Il quadro poco sopra il segretario. Mourinho, Derrida e i traduttori (traditori?) della filosofia

L'edizione originale (e impaginata per il diritto!) del libro di Derrida, edito da Flammarion



Il quadro? Il segretario? Ma che dici? No, no, non parlo di primarie del pd, tranquilli. 

Però... poi uno dice, perché quasi sei orgogliosa di non essere accademica… Va beh. State a sentire. Comincio dal principio.

Il corso di filosofia sulle immagini che sto tenendo al Centro Phos, a Torino (in cui tento di spiegare le immagini con la filosofia e la filosofia con le immagini e mi diverto molto), sta diventando per me anche l’occasione di rimettere mano nuovamente ad alcuni testi studiati anni fa, anche solo per una citazione.
Premetto: grazie al cielo leggo le lingue straniere, ciò che mi consente, spesso e volentieri – ma soprattutto, sono sincera, in mancanza di traduzioni o edizioni italiane – di leggere i testi filosofici in lingua originale.
È stato il caso, anni fa, di La carte postale, di Jaques Derrida. 

Tuttavia, mi sono detta, se mi rivolgo nel mio corso a non addetti ai lavori, meglio che le citazioni siano sempre in italiano, giusto?
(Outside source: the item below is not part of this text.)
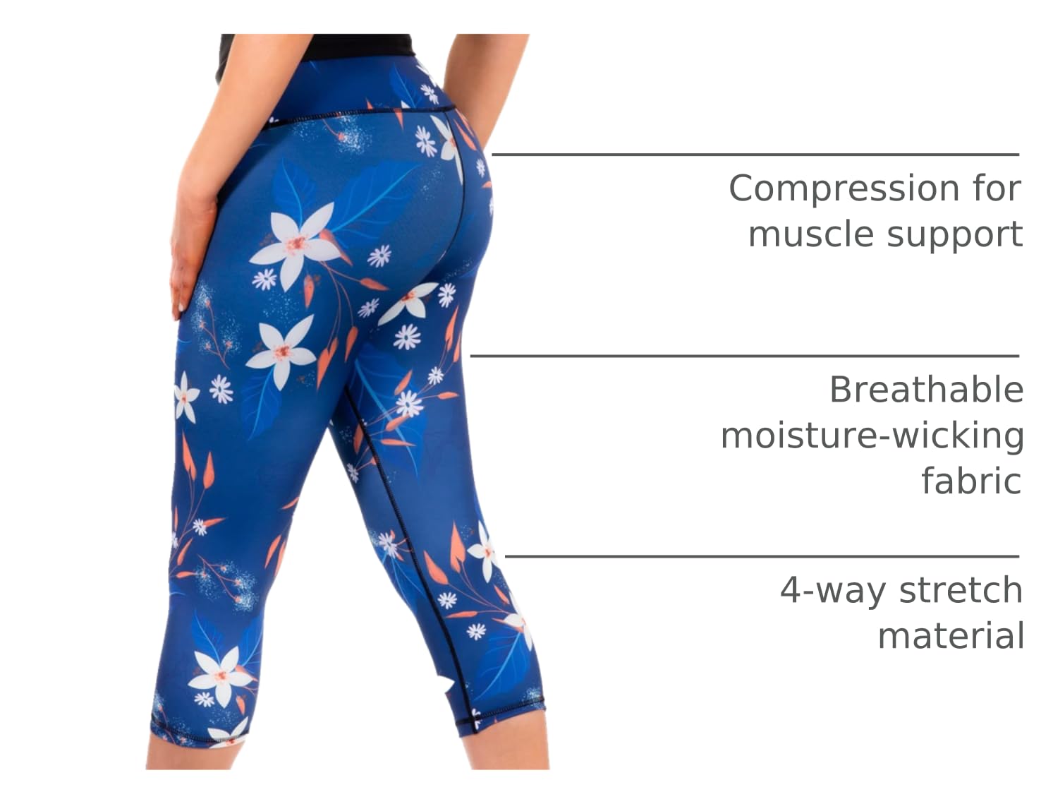 Breathable & Sweat-Wicking Fabric: Stay cool and comfortable during workouts with these high waist capri yoga pants made from moisture-wicking fabric. Their 4-way stretch and chafe-resistant design ensure these womenβs capri workout pants offer maximum mobility, allowing for unrestricted movement during any activity.

Ok, quindi eccomi a cercare le traduzioni ufficiali dei testi, da me prima ignorate.
La prima, quella di Derrida, ai tempi in cui io lessi il testo originale proprio non esisteva.
A questo punto è necessaria un’altra premessa: tenete conto che le traduzioni dei testi filosofici non sono solo traduzioni utili a leggere i testi nella propria lingua, come voi forse ingenuamente credete. Eh no. Le traduzioni di testi come questi sono… titoli! Ovvero, servono a fare punteggio per ottenere posti (e relativi stipendi!) all’Università.
Viene da chiedersi su che basi siano assegnate.
Ma proseguiamo.


Giusto qualche anticipazione, come dicono gli americani, “to make your day”:

 «plume (termine che ricorre spessissimo nel libro e che, come si sa, corrisponde all’italiano «penna») è reso senza eccezioni con «piuma»; arrêt de mort regolarmente con «arresto di morte»; souffler con «soffiare» anche quando significa «suggerire» e «respirare», adresse con «indirizzo» anche quando significa «abilità»; càpita che collectionneurs (di cartoline postali) sia reso con «collezionatori» (più avanti hanno scoperto che in italiano si dice «collezionisti», ma non sono tornati a correggersi).»

Ma poi, qui è super: «m’envoyer promener (cioè «mandarmi a girare»), viene tradotto con «inviarmi a passeggiare»; oppure quando si parla di un quadro appeso al muro «poco sopra il segretario» (che è ovviamente un secrétaire)».

Va beh. Io sto ancora ridendo per il quadro appeso sopra il segretario.
Poi mi ricordo che questi sono “titoli”, cioè crediti ufficiali, riconoscimenti, per i “filosofi” ufficiali di domani, o forse anche già di oggi.

Sono sempre più convinta che la filosofia, se c’è, è da un’altra parte.
Mica in senso poetico, per dire tipo che la filosofia diserta le cattedre e le baronìe. Ma no. Non è la filosofia o, più in generale, la cultura, ad essersene andata dai luoghi dove la trovavamo fino a qualche anno fa. È stata proprio cacciata fuori. Restano solo… i titoli.

Non fraintendetemi però, non sono polemica: io adoro l'umorismo involontario!

Anzi, lo confesso: non ho comprato la traduzione del testo di Derrida, non ho controllato di persona. Ma voi, dopo aver letto la recensione, la comprereste?

Fortuna che oggi il mondo gira, e i posti per scrivere e per parlare sono tanti.
Che dire? Mi viene in mente Mourinho, pensa te (Zero tituli! Anzi, qui, titoli che valgono zero). Ma guarda chi mi tocca citare.